The women’s organization has changed names numerous times over the course of its history. On April 22, 1936, the organization became the Council of Congregational-Christian Women of Connecticut. On April 23, 1947, it became the Fellowship of Congregational-Christian Women of Connecticut. The organization changed names again on April 19, 1950, becoming the Connecticut Fellowship of Congregational-Christian Women. When in 1964 the Connecticut State Conference changed its name to the Connecticut Conference of the United Church of Christ, the women’s organization followed suit and revised its name once again, becoming on October 6, 1964, the Women’s Fellowship of the Connecticut Conference of the United Church of Christ. On May 13, 1997, the organization adopted a name that would better reflect the combination of lay and clergy women in the organization: the Connecticut Women of the United Church of Christ. Finally, on January 1, 2020, when the Connecticut Conference joined the Southern New England Conference United Church of Christ, the women’s organization adopted the name that it uses today, Southern New England United Church of Christ Women’s Connection.
From the time of the organization’s founding in 1928, it divided itself into districts representing four geographical regions in Connecticut: the Eastern district, the Hartford district, the Litchfield district, and a fourth district called the New Haven district until 1973 when its name was changed to the Southwestern district. A set of elected officers have led the organization, and it has also executed its administrative and programming functions by means of a variety of sub-committees. To communicate with and guide its members, the group has maintained an active program of writing, editing, and publishing a range of publications: reading lists; various guidebooks for program planning, worship, study, service, and leadership; several newsletters; and booklets to facilitate and document annual meetings.
The group has held regular state-wide and district meetings for administrative and organizational purposes. It has also planned a range of programs providing opportunities for its members to worship, study, and participate in service together. These include leadership training conferences, quiet days, retreats, workshops, trips, and service programs. In the organization’s early decades, it maintained a lending library for its members. In 1955, the organization supported efforts to assist churches in the Housatonic Valley flooded by Hurricane Diane. In 1987, it joined the United Church of Christ boycott of California table grapes.
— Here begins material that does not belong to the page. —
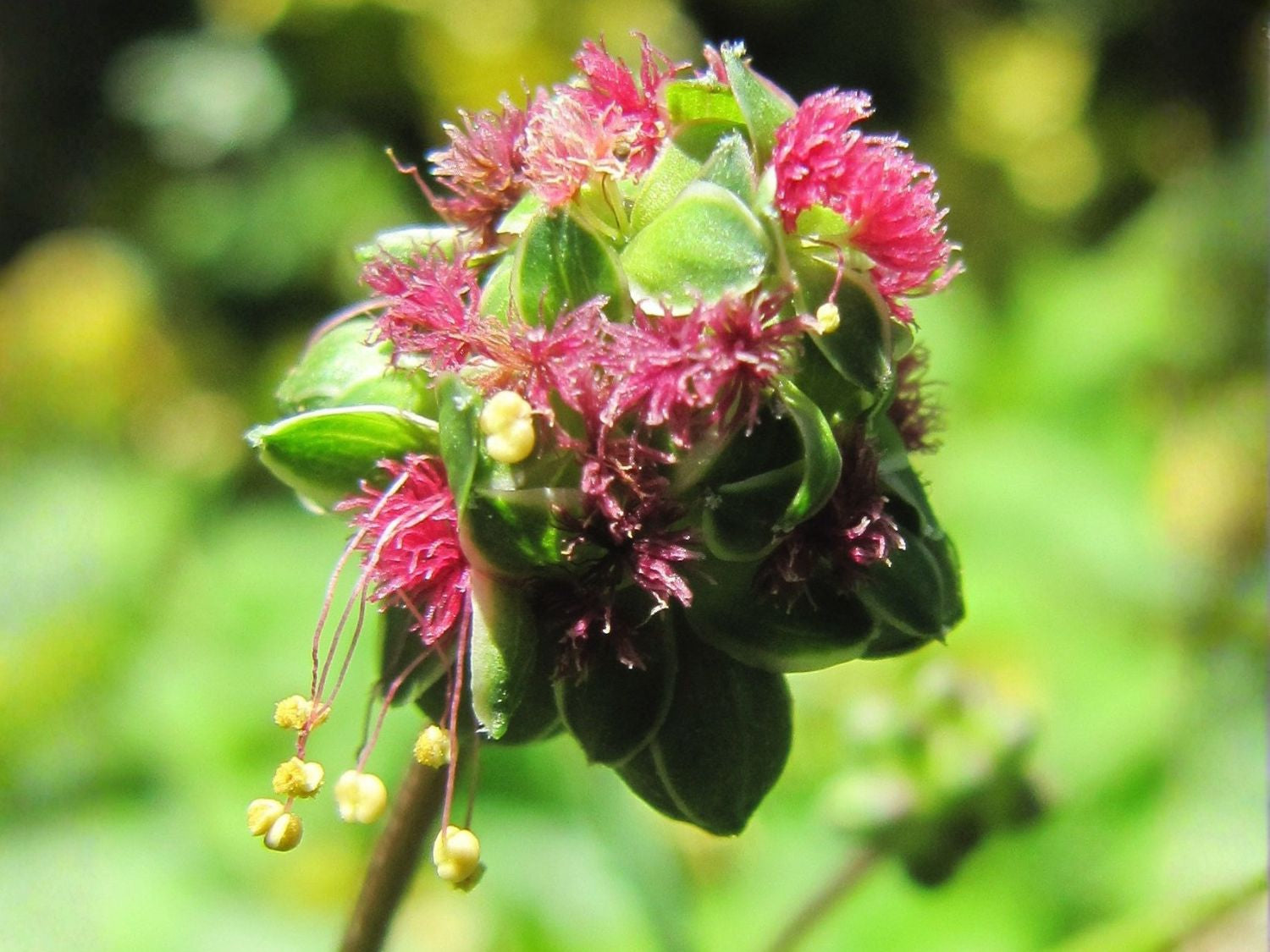 Heirloom/kulturarvsort. Hardfør og vakker plante med små sagtannete blader og blomster som samles i små, rødgrønne baller på toppen av stilk. De tynne bladene har en agurklignende smak, er vitaminrike og brukes i salater, supper, gryter, te og mer.

The organization’s records document the changing roles of women in the church and society and their efforts to recognize women as equal church members and leaders. The records of the Task Force on the Status of Women in Church and Society, the Advisory Commission on Women, the Committee on Women’s Concerns, and the Coordinating Center for Women in Church and Society document the organization’s efforts to redefine women's roles in the church in the wake of women's changing roles in society in the 1960s, 1970s, and early 1980s. The organization's Honored Laywomen Award, starting in the 1990s, recognized lay women leaders, and the Pioneer Women Clergy event of 2016 recognized early women clergy members. In 2012, the group drafted the Resolution on Women as Equal Partners in Church and Society, a document affirming their support of women as equals.
The organization continues today to provide opportunities for regional women to join together in worship, study, and service.